Pole skinny with straight, thinning brown hair and dirt brown eyes. For a few years, he and Johnny had been best friends, until George had joined the Navy. As with Hollister, George lasted only the first tour before receiving discharge, though his had been less than honorable. He’d nearly ended up in Leavenworth.
There were others. Many of them were rumored to be involved in drugs, grand theft, or burglary. The few who weren’t ex-military, such as Rogue Walker, a former friend of Johnny’s, were persons of interest who may or may not have had information tying Johnny to other persons of interest.
“Johnny was the one who admitted to masterminding the whole deal,” she pointed out, playing devil’s advocate.
“None of them had the brains or connections to have helped Johnny put everything together, nor could they have kept their dirty little paws off a million in cash,” Alex stated. “They are the pawns. Who’s the king?”
That was a good question. Chaya pushed her fingers through her hair in frustration. That one she hadn’t figured out yet.
“They have ties to others as well,” she stated. “The mayor and chief of police. George Mack is Mayor Sunders’s second cousin. Hollister worked for Sunders as a handyman for several weeks. The same pattern follows for everyone I’ve questioned. I received three to five names each day as well as their most likely locations or residences. And the questions.”
“The questions aren’t that hard,” Dawg snorted. “And it’s damned easy to lie.”

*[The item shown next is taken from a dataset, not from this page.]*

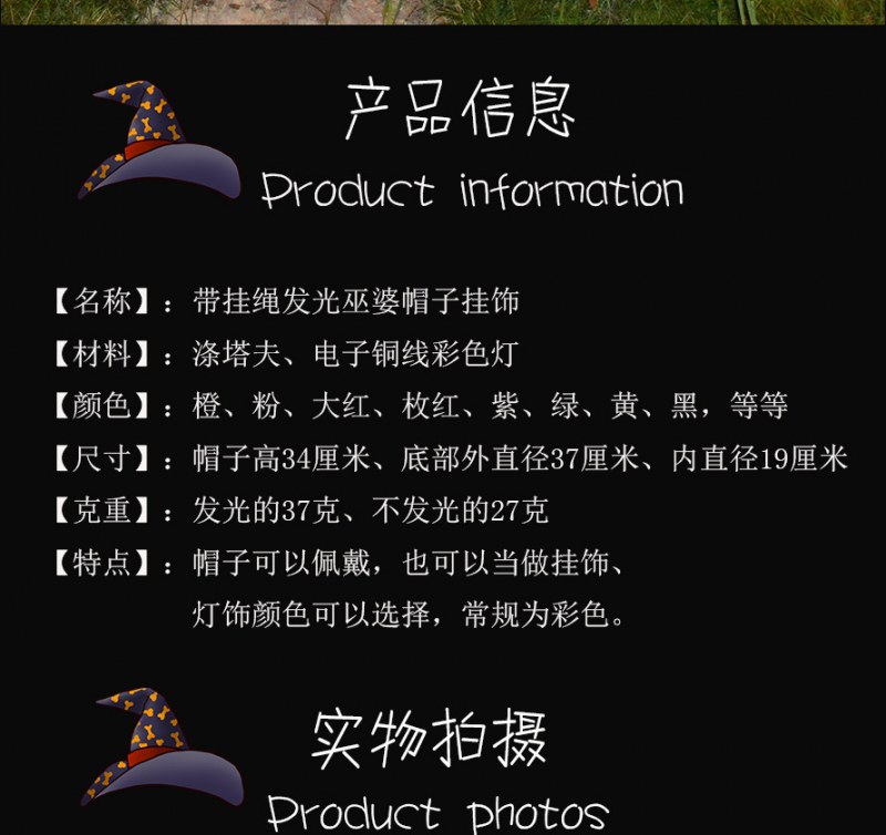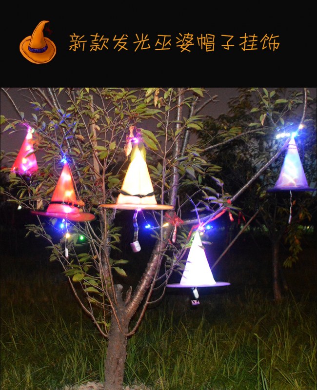 • ハロウィン魔女の帽子光る魔法使いの帽子マジシャンの帽子ペンダントネクタイ紐付き光る魔女の帽子の装飾
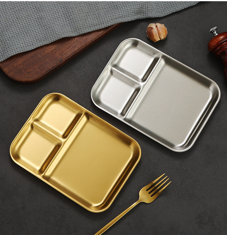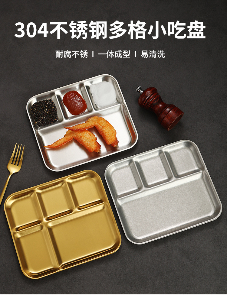 한국식 스텐 조미료 접시 바베큐 가게 골든 빈티지 스페셜 식기 딥 플레이트 3 칸 소스 접시 스테이크 접시스토어 가기

“And sometimes, it’s damned easy to see that lie.” She shrugged. “I’ve been trained to see the lies. I’m an interrogation specialist, Dawg. This is what I do well.”
She had been lied to quite a bit during the questioning, and the knowledge of that had gone into the notes she sent to Cranston each evening. The same notes everyone here now held.
“There’s no one here Johnny would have trusted,” Ray told them all as he looked through the files. “He was a strange boy, but trust wasn’t something he gave easily.”
“Trust was something he traded with,” Natches said, his voice curiously bland. “Johnny only trusted his mother and Dayle. And we know Nadine would lie out of her ass if it got her something she wanted. Dayle’s no better.”
That was his father, but there wasn’t so much as a hint of emotion in his voice.
“Cranston’s arriving here in the morning,” she told them. “I received his message before we returned to the boat. I’m hoping he’ll have more answers.”
“I’d suggest he come bearing answers.” Natches’s more dangerous drawl was back now. If Timothy didn’t have answers, then he was going to have to deal with more than one pissed-off Mackay.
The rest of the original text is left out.